A quick reminder is that you shouldn’t forget to look after yourself. At the end of those fuzzy first few months of day and night feeding periods and sleepless nights, you would probably want to take a deep breath and decide how you will go about this parenting stuff.

It’s time to plan how to be a super mom or super dad in a way that conforms to your personal beliefs and values. There is no perfect approach to parenting.

At some point, you might feel the urge to adopt a specific parenting style, but in reality, parenting is a whole journey, and the method you wish to adopt can take time to figure out.

It could change even when you figure out a specific style because your family needs are ever-evolving. Let’s look closely at the meaning of attachment parenting and how it’s done.

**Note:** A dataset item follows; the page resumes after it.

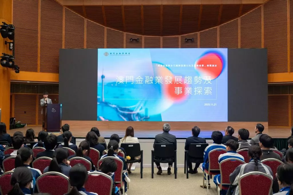為讓本澳高中學生能夠更了解澳門現代金融業的發展趨勢和就業前景,輔助他們更好地規劃升學和職業發展路向,由澳門金融管理局主辦(下稱「金管局」)、教育及青年發展局(下稱「教青局」)協辦的兩場「探索金融業多元職業發展方向及就業前景」專題講座於日前在澳門科學館會議廳順利舉行,兩場活動共吸引本澳14所學校約520名高中學生報名參與。

You can also generate a parenting style that works well for you. However, remember that emphasis is placed on using evidence-based practices that promote your child’s maximum health and safety.

What is Attachment Parenting?

Attachment parenting is a contemporary principle based on the attachment theory, coined by two child psychologists, John Bowlby and Mary Ainsworth.

This theory states that a strong emotional and physical attachment to at least one primary caregiver is critical to personal development.

Attachment parenting stresses that the emotional and physical bond between a child and a parent is formed through designated “tools.”

These tools are created to enhance physical contact, maximum empathy, and responsiveness.

It is believed that this approach will boost both parent and child’s confidence because the parent gets to know how to identify and respond to their baby’s needs correctly, and the baby also feels confident that their needs will be met.

Basic Tenets of Attachment Parenting

Every loving parent intends to be watchful and attentive to their child’s needs, but the difference between parenting styles is how they go about it.

Below are the guides to attachment parenting, known as the “Baby B’s.” As you read through, consider which tool is best for your child.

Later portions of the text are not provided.